If your MQ is not just a backend, but also a fat client SDK library — then you can put the partition-collation into the fat client, and it will still end up being "transparent" to the user. (Save for the user possibly wondering why the client library opens O(K) TCP connections to the broker to consume certain topics under certain configurations.)
See also: why Google's Colossus has a fat client SDK library.
Feels like there is another squeeze in that idea if someone “just” took all their docs and replicated the feature set. But maybe that’s what S2 is already aiming at.
Wonder how long warpstream docs, marketing materials and useful blogs will stay up.
warpstream has latency issues, which downstream turn into cost issues
That said, they were at least "good enough" to make "buy" more appealing than "build"
I've seen these comments for over 15 years yet for some "unknown", "silly" reason java keeps being used for really,really useful software like kafka.
I could provide examples myself, but I'm not convinced it's about java vs c++ or go: hadoop, cassandra, zookeeper
Java hasn't focused on developing the standard libraries to keep up with the modern world. There is no standard http server or API libraries. A lot of the "standard" libraries in software projects are from 3d party sources like Apache, which obviously can't be trusted if they make decisions like above.
Lombok is still heavily used, and its almost a sin to write getters and setters manually instead of using it, but it works by hacking the AST, and the language maintainers never thought to include that as part of the language features.
Furthermore, the biggest use of java in android app development has shifted to use Kotlin instead, because Kotlin aims to address a lot of the pain points of Java. Yet language maintainers of Java don't seem to care.
So overall, if you look at the java ecosystem, its clear that the people working in it have no connection to use in the real world, and are taking the language into some direction that fits their convoluted ideas of what a language should be.
From a more functional perspective, in the modern age of the cloud, ARM chips, and cheap memory, developer cost outweighs infrastructure cost by orders of magnitude. If you write your service in python for MVP, you end up saving a shitload of time, through things like massive amounts of 3d party libraries, not having to wait for compile step, being able to develop during debugging session, much more flexibility in how you write code, and so on. Then as you move from MVP to a product, its much easier to refactor the code with MyPy type checking, convert collections of functions into Classes if need be, and so on. Finally, with PyPy running your code much faster than than CPython, you still will on the average be slower than Java, but not by much, and the added infra cost will be much less than a single developer salary per month.

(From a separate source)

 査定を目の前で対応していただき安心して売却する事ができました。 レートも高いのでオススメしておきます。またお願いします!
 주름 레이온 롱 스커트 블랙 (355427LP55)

Future of development is going to be Python -> optimized machine code. Its already possible to do this with LLMs with manual prompting.

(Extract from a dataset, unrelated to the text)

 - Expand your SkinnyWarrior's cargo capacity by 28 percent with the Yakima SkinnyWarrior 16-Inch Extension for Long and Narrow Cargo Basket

An embedded interpreter and JIT in rust basically but jostled around a bit to make it more cohesive and the data interop more fluid— PyO3 but backwards.
But I'm doubtful that it's going to make things simpler if one can't even decide on a language.

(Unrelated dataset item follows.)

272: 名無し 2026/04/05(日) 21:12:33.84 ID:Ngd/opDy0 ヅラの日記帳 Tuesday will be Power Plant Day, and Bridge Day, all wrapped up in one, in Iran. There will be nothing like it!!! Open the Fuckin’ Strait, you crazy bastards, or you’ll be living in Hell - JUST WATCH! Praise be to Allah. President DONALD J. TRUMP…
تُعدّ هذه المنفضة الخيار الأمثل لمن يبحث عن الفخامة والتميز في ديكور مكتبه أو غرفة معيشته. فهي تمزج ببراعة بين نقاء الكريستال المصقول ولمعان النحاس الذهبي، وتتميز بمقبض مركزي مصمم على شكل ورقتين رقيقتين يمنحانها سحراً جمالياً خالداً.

Step 4, Rewrite it in Zig.
Step 5, due to security issues rewrite it in Java 63.
I'm currently building a full workload scheduler/orchestrator. I'm sick of Kubernetes. The world needs better -> https://x.com/GeoffreyHuntley/status/1915677858867105862
Go on then. Post the repo when you have :)
Fast forward into 2025, there are many performant, efficient and less complex alternatives to Kafka that save you money, instead of burning millions in operational costs "to scale".
Unless you are at a hundred million dollar revenue company, choosing Kafka in 2025 is doesn't make sense anymore.
Kafka shouldn't be used for low dataflow systems, true, but you can scale a long way with a simple 3 node cluster.